----- INFORMATION SUPPLIED

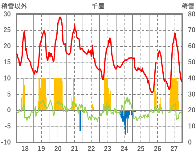| 日 | 時 | 気温 | 降水 | 風向/風速 | 日照 | 積雪 | 降雪 |
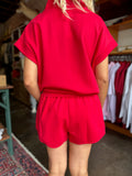 Experience effortless style and comfort with the Red Scuba Drawstring High-Rose Short. Crafted from smooth scuba material, these shorts offer a soft touch and a flattering fit thanks to the elastic waistband and adjustable drawstring. Perfectly paired with a matching top, they create a chic and coordinated look ideal for casual outings or relaxed weekends. Embrace comfort without compromising on style with these versatile shorts designed to move with you.
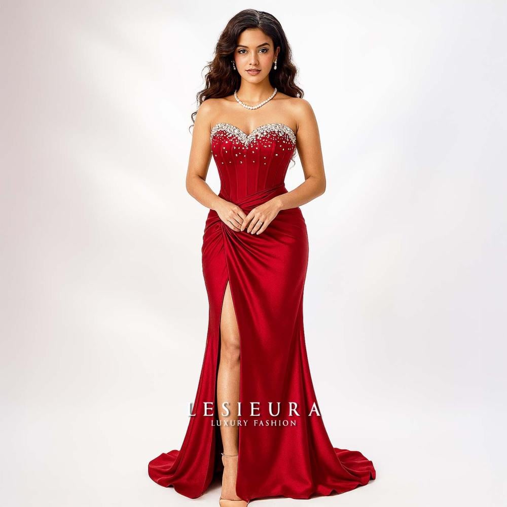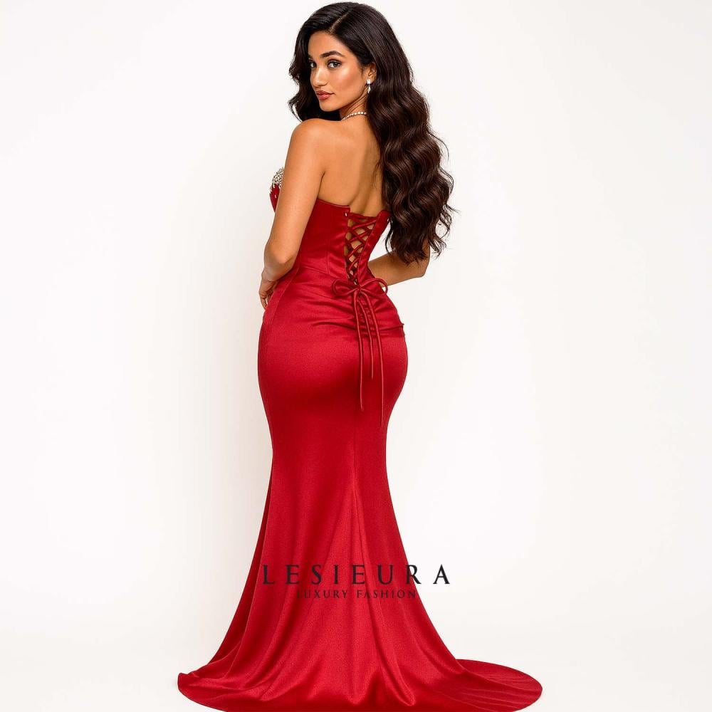 يتميز الفستان بكورسيه مصمم بدقة عالية، بدون أكمام، بقصة صدر على شكل قلب، مرصع بالكامل بكريستالات لامعة تمنح الإطلالة لمعة مترفة تظهر مع كل حركة. أما القصة السفلية، فتنسدل بتنورة ضيقة تنفتح بشق جانبي أنيق يعزز الطابع الجريء للفستان ويمنح حرية وانسيابية مثالية.

----------

→ WHAT IS EXPECTED: Exact repetition required: repeat the first line of the listing above, the line containing "Experience effortless style", and every line between, leaving out pictures.

→ EXERCISE RESPONSE:
| 日 | 時 | 気温 | 降水 | 風向/風速 | 日照 | 積雪 | 降雪 |
 Experience effortless style and comfort with the Red Scuba Drawstring High-Rose Short. Crafted from smooth scuba material, these shorts offer a soft touch and a flattering fit thanks to the elastic waistband and adjustable drawstring. Perfectly paired with a matching top, they create a chic and coordinated look ideal for casual outings or relaxed weekends. Embrace comfort without compromising on style with these versatile shorts designed to move with you.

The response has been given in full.